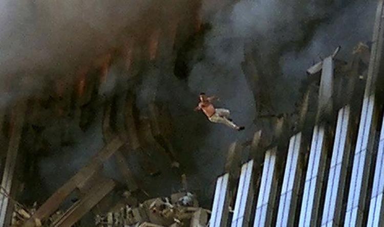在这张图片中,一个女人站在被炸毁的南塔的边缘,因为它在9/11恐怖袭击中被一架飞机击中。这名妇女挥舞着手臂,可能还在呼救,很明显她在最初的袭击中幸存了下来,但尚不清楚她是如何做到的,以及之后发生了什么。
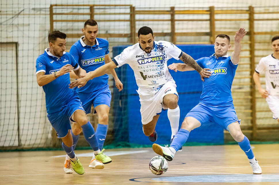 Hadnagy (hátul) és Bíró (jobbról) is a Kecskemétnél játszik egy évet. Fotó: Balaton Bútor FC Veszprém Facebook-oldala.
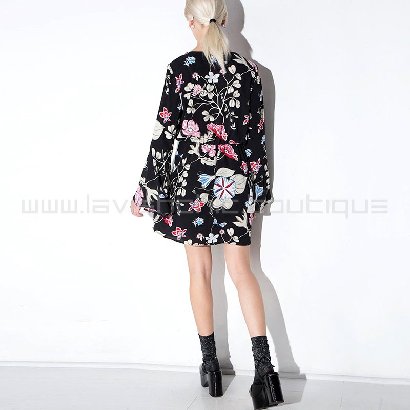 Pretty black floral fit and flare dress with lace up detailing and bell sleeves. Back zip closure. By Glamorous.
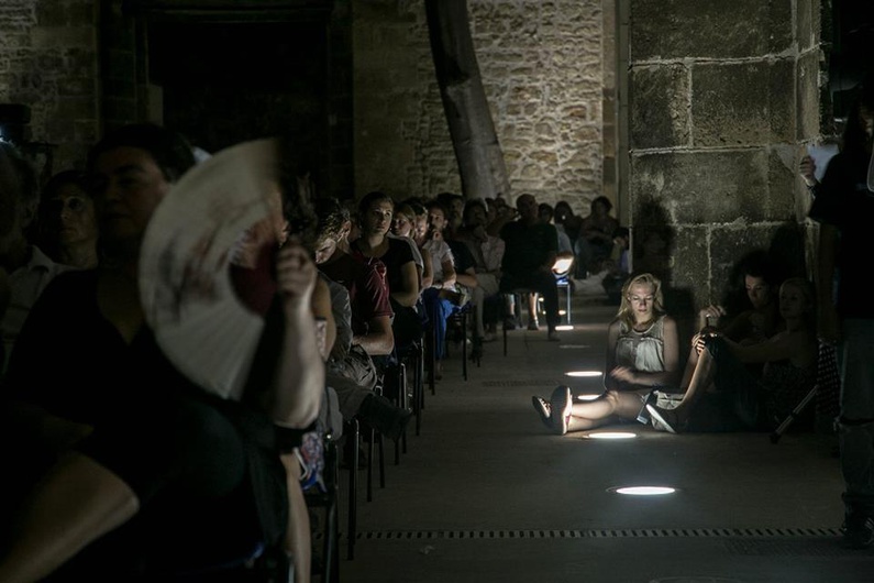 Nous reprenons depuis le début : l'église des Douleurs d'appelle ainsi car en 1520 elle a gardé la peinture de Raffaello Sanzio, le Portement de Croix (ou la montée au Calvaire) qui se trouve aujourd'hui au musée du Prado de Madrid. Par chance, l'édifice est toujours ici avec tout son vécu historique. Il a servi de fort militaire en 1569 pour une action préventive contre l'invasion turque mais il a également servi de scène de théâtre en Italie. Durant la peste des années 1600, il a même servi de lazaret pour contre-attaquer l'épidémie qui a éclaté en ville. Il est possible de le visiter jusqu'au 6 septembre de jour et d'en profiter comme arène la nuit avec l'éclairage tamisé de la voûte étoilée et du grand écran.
--
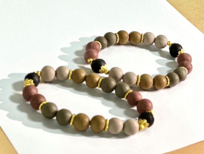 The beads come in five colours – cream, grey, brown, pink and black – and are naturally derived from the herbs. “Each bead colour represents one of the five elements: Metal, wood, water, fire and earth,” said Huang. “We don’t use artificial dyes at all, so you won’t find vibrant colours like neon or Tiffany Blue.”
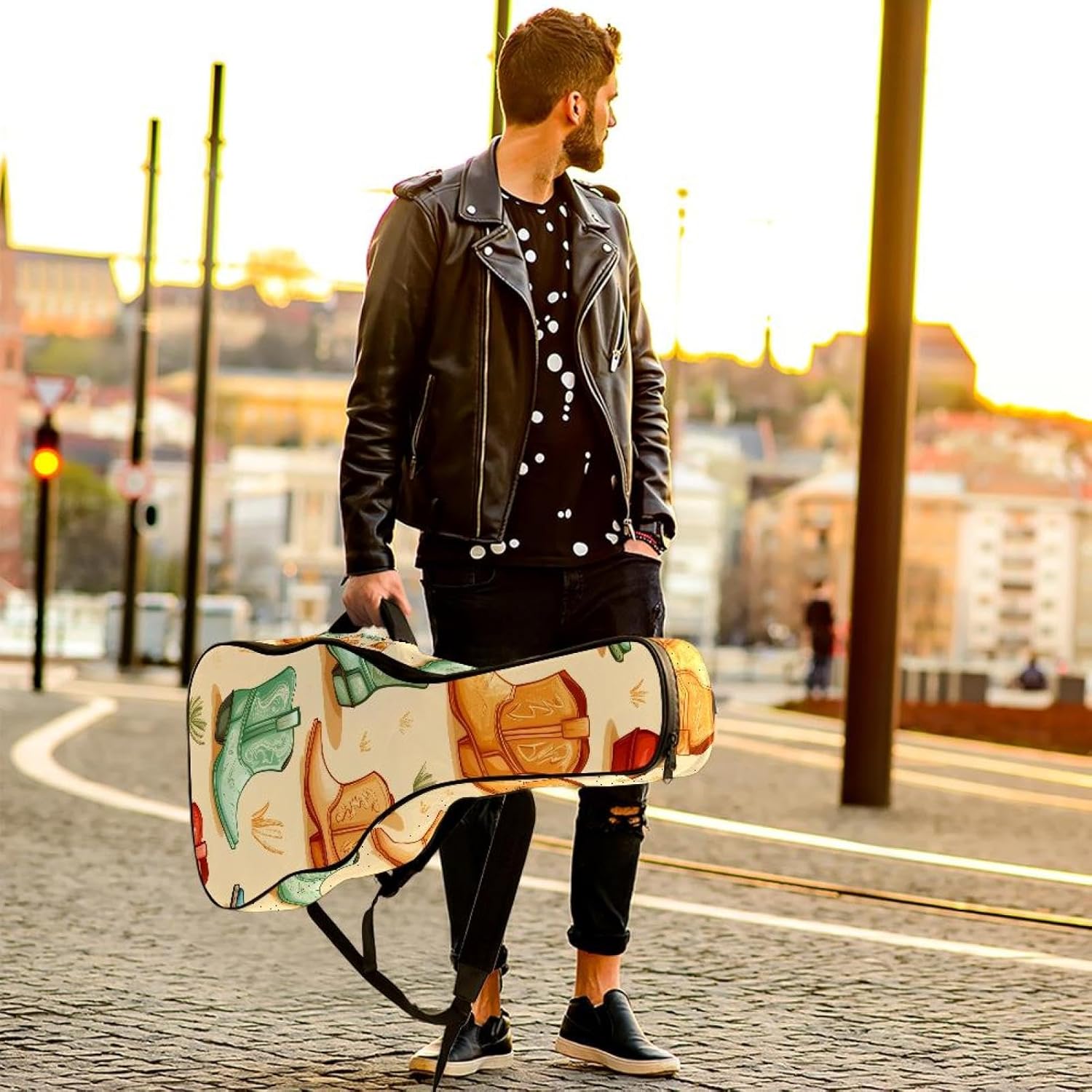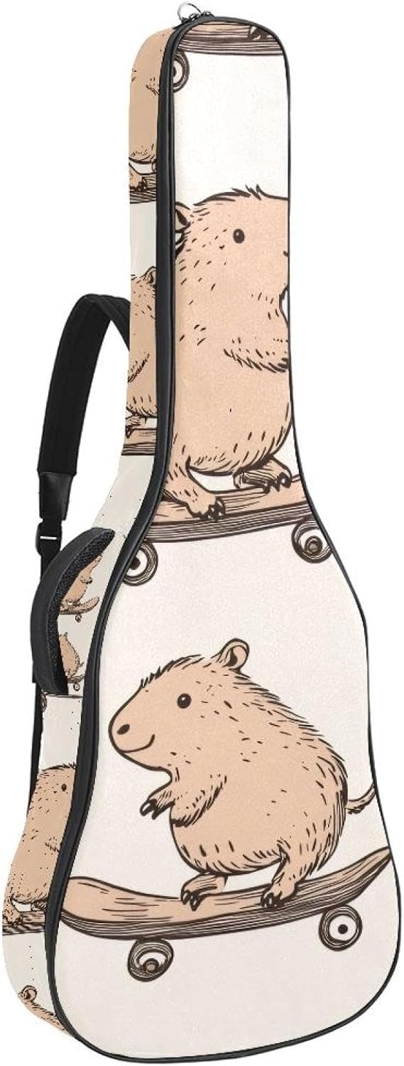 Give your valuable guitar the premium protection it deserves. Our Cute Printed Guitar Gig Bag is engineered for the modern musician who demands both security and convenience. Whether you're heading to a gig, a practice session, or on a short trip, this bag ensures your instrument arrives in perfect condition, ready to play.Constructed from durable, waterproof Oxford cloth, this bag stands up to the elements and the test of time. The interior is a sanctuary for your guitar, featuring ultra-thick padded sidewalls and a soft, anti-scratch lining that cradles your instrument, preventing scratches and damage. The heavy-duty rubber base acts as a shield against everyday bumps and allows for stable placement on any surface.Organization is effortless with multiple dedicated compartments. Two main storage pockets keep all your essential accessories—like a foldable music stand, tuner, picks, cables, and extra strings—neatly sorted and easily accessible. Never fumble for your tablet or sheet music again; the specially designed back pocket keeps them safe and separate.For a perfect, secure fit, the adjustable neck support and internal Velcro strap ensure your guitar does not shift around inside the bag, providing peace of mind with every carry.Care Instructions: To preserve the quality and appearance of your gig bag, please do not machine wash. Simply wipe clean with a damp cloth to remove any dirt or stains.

__Work item__
Would you copy out, exactly and with no pictures, only the lines above from the one that contains "Hadnagy (hátul) és" through the one that contains "Pretty black floral"?

__Reply to the task__
 Hadnagy (hátul) és Bíró (jobbról) is a Kecskemétnél játszik egy évet. Fotó: Balaton Bútor FC Veszprém Facebook-oldala.
 Pretty black floral fit and flare dress with lace up detailing and bell sleeves. Back zip closure. By Glamorous.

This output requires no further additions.